** EXERCISE DATA follows **

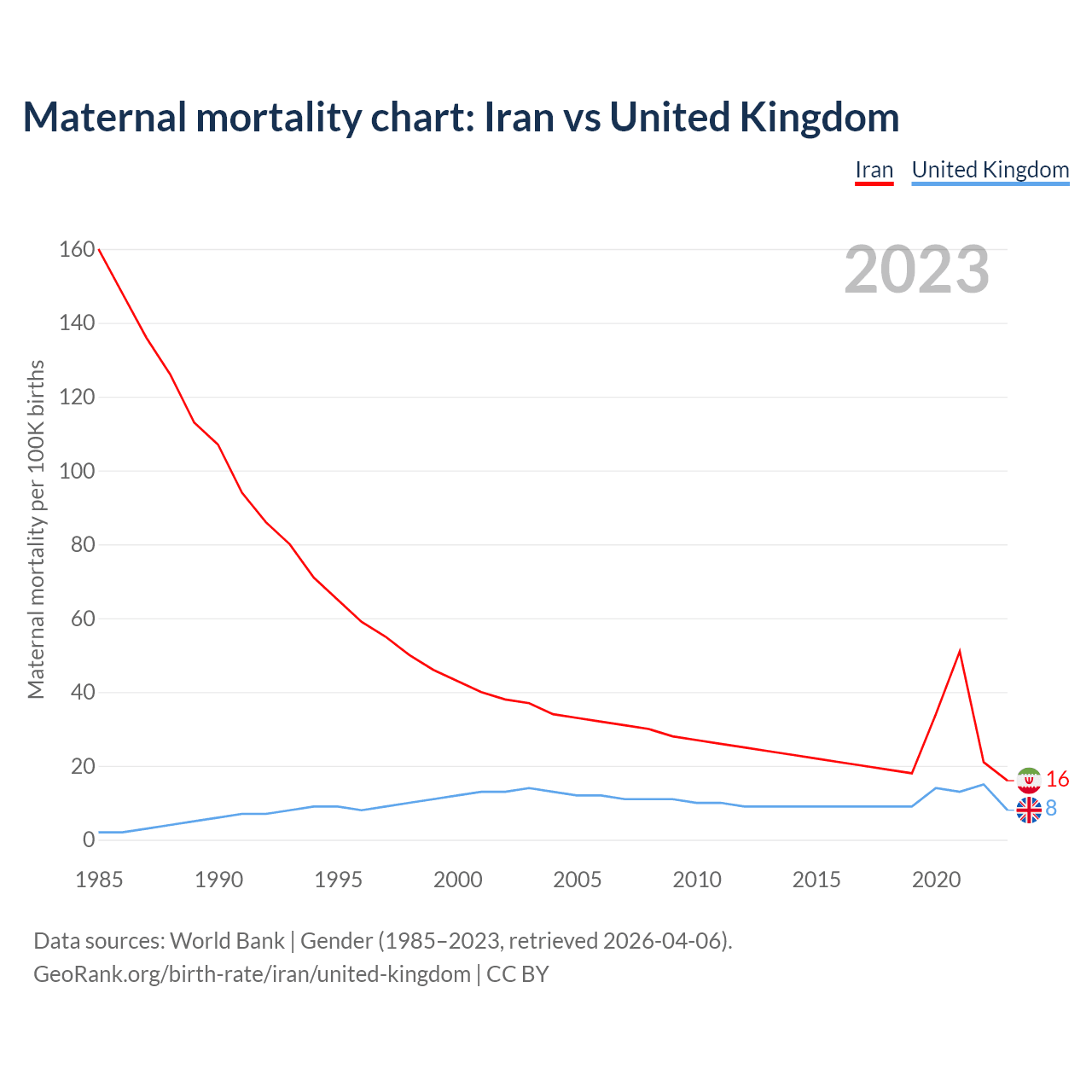 The maternal mortality rate, which is the probability of dying during childbirth or within 42 days of pregnancy termination, is 16 deaths per 100,000 live births in Iran, compared to 8 deaths in the United Kingdom.
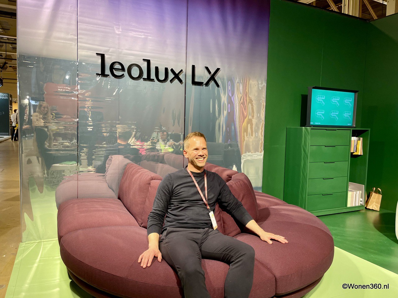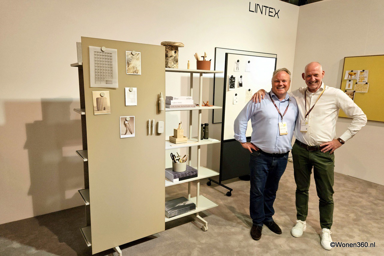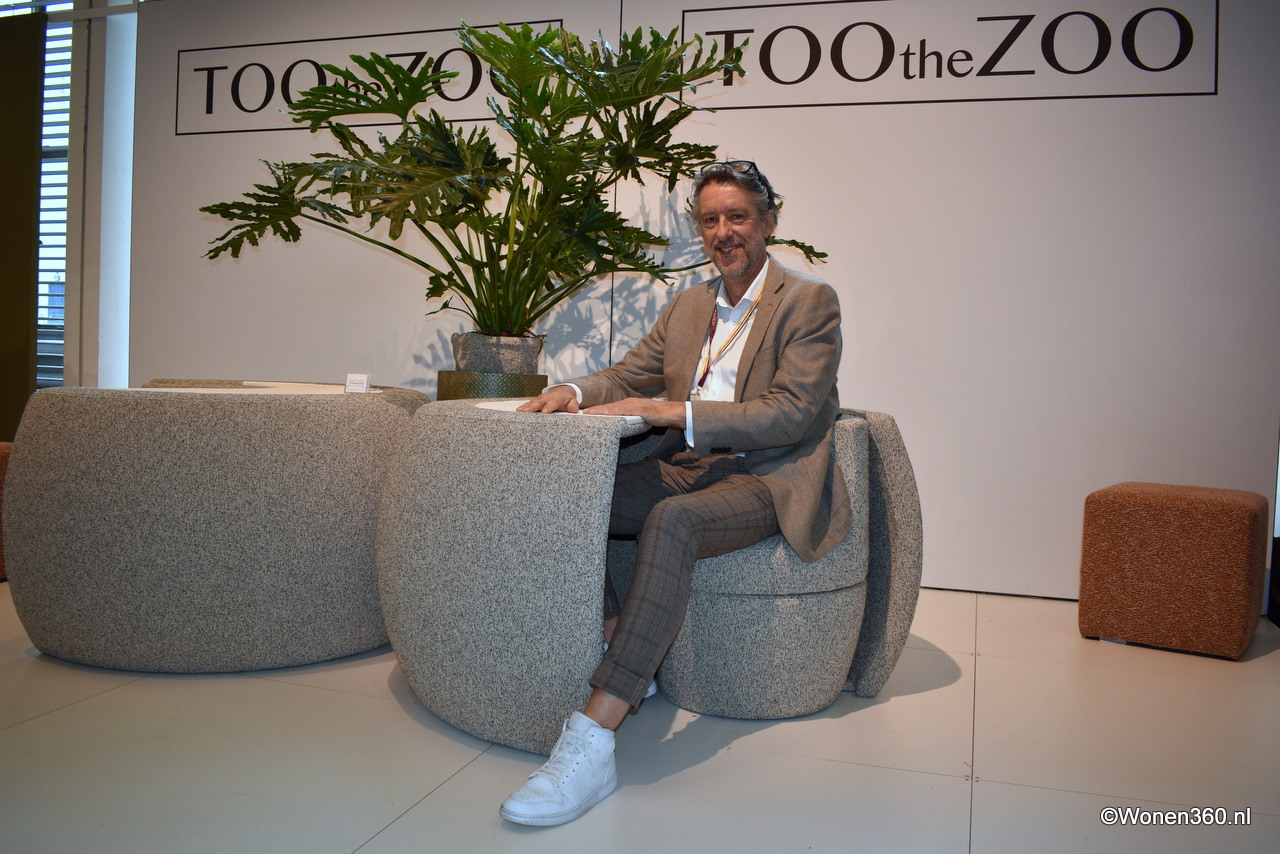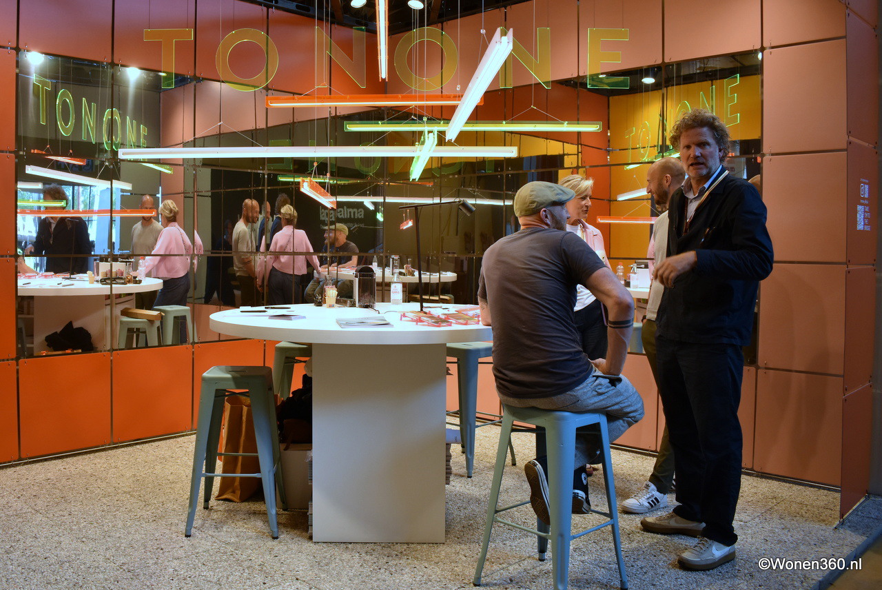 Frank van Gemert (left) of Montis is busy with visitors. In the booth, lively colors and soothing shades come together to create a balanced atmosphere.
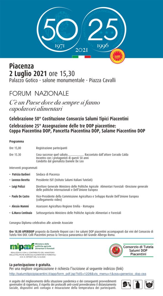 Il 2021 è un anno molto speciale per il “Consorzio Salumi Tipici Piacentini” e il “Consorzio di Tutela Salumi DOP Piacentini”. Per il primo ricorre il cinquantesimo anniversario della sua Costituzione, per il secondo ricorre il venticinquesimo Anniversario dell’assegnazione della Denominazione di Origine Protetta per la Coppa Piacentina, la Pancetta Piacentina, e il Salame Piacentino.
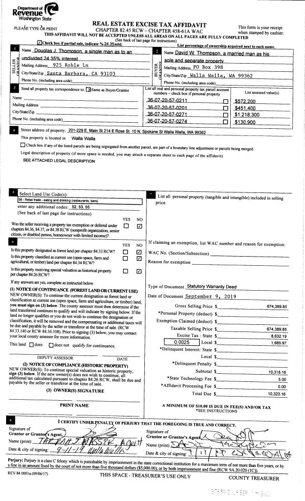 | 2 | 09/11/2019 | SWD | STATUTORY WARRANTY DEED | THOMPSON DAVID W ET AL | THOMPSON DAVID W | | 4-PARCLES | $674,390.00 | 137659 | 2019-07070 |
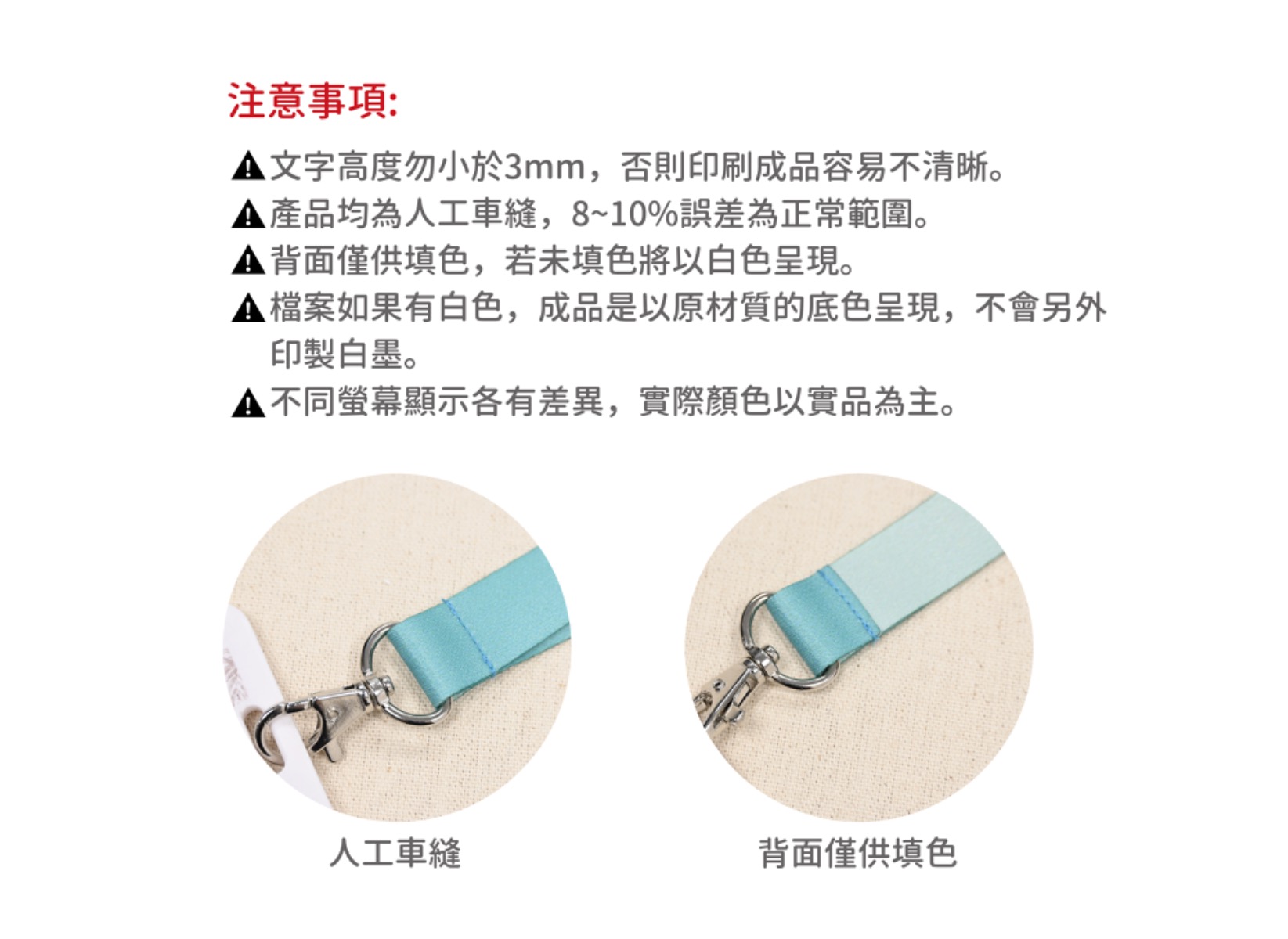 識別證帶內裡可印上專屬色系,創造兩種顏色的鮮明色澤。
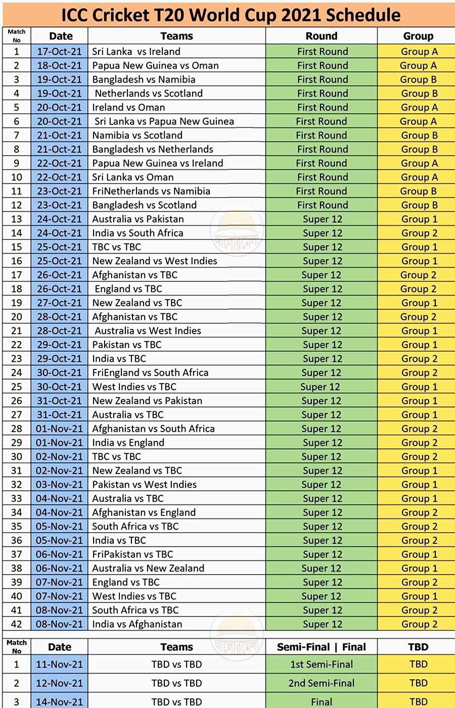 1st match will be Sri Lanka VS Ireland atOman Cricket Academy Ground, Muscat, Oman. Final Match wil be on 14 November at Dubai International Cricket Stadium, Dubai.
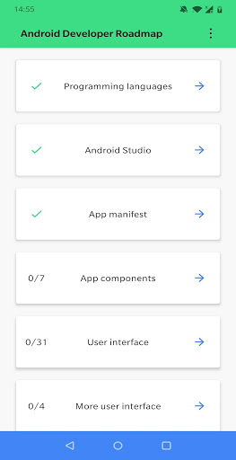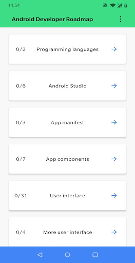 Roadmap pengembang Android berisi banyak subjek pemrograman yang penting bagi setiap pengembang Android.Roadmap pengembang Android juga menawarkan jalur yang disarankan. Bekerja dengan cara Anda dari atas ke bawah untuk mempelajari pengembangan Android.
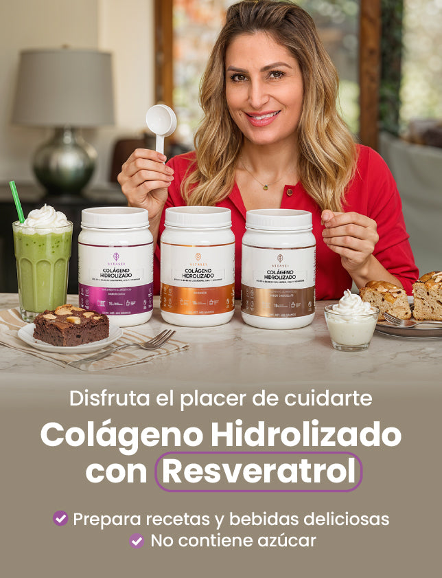"El colágeno con resveratrol de Vitasei, se ha convertido en una parte esencial de mi rutina. ¡Es tan completo! Me siento muy bien!"
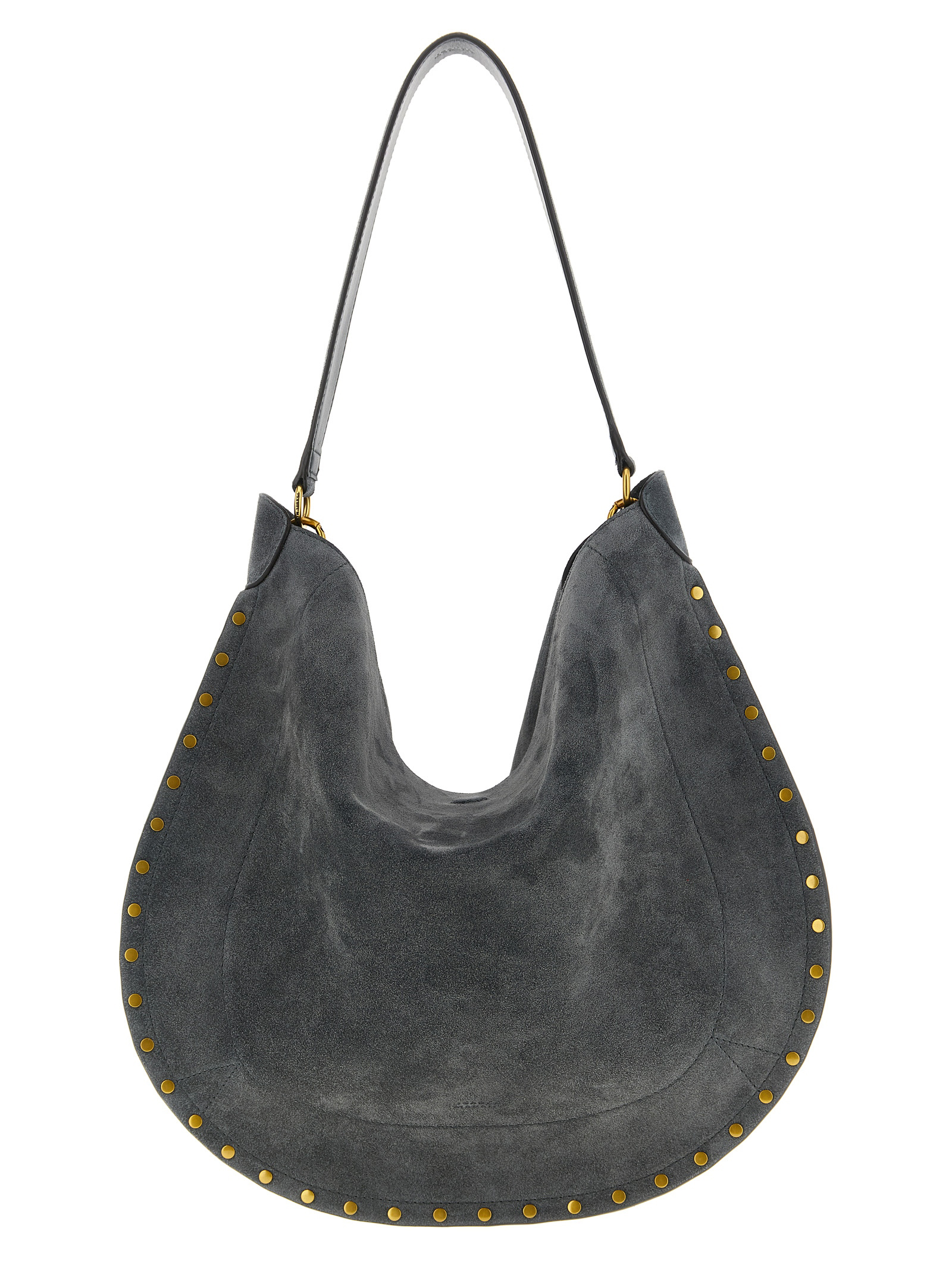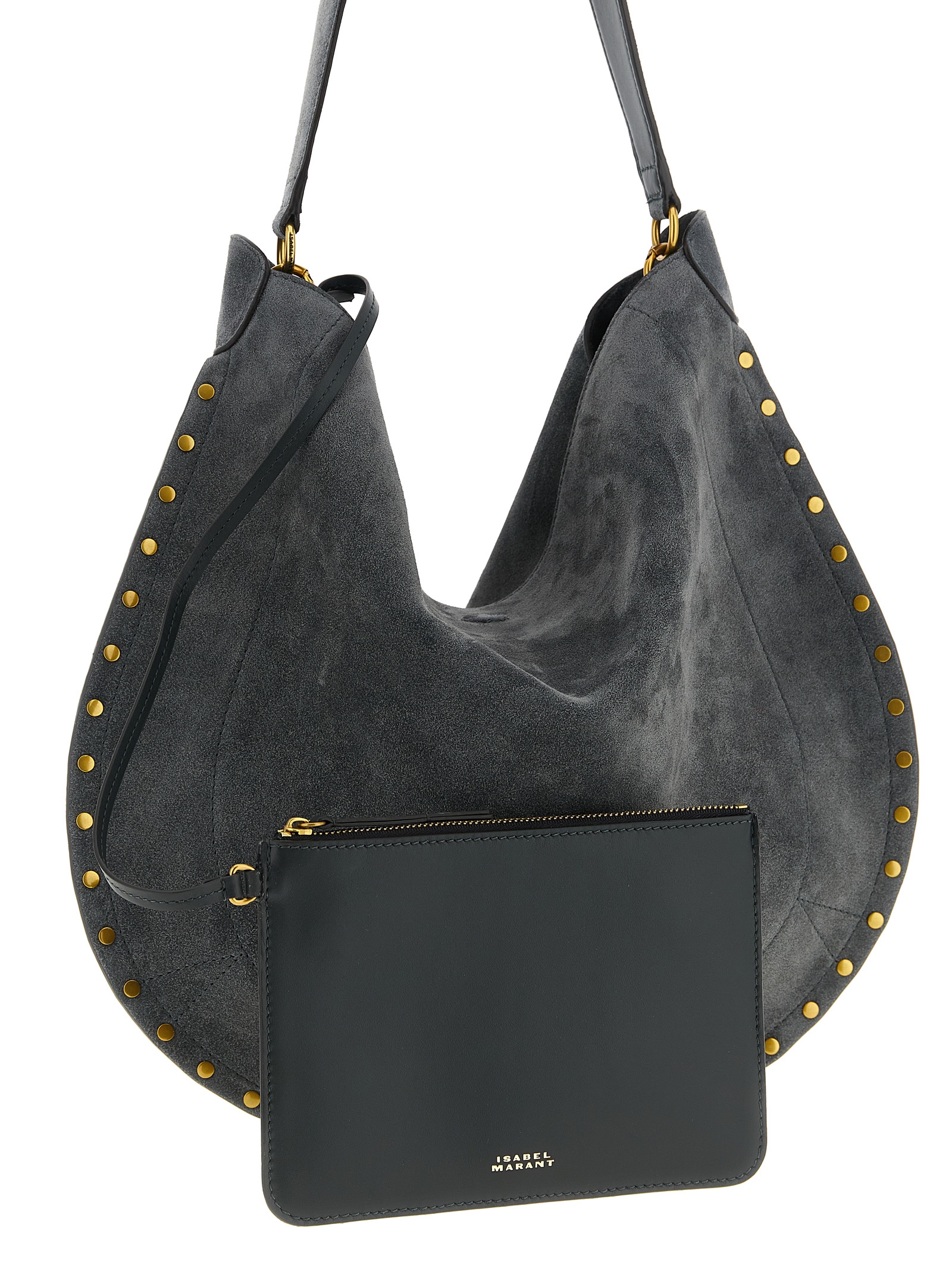 Oskan Hobo Мягкая замшевая сумка через плечо с аппликацией из заклепок, магнитной застежкой, фиксированной ручкой и съемным клатчем.

** End of EXERCISE DATA **

Copy exactly what appears in the entries, beginning with the first line and ending with the line that has "Frank van Gemert", but not the pictures.

 The maternal mortality rate, which is the probability of dying during childbirth or within 42 days of pregnancy termination, is 16 deaths per 100,000 live births in Iran, compared to 8 deaths in the United Kingdom.
 Frank van Gemert (left) of Montis is busy with visitors. In the booth, lively colors and soothing shades come together to create a balanced atmosphere.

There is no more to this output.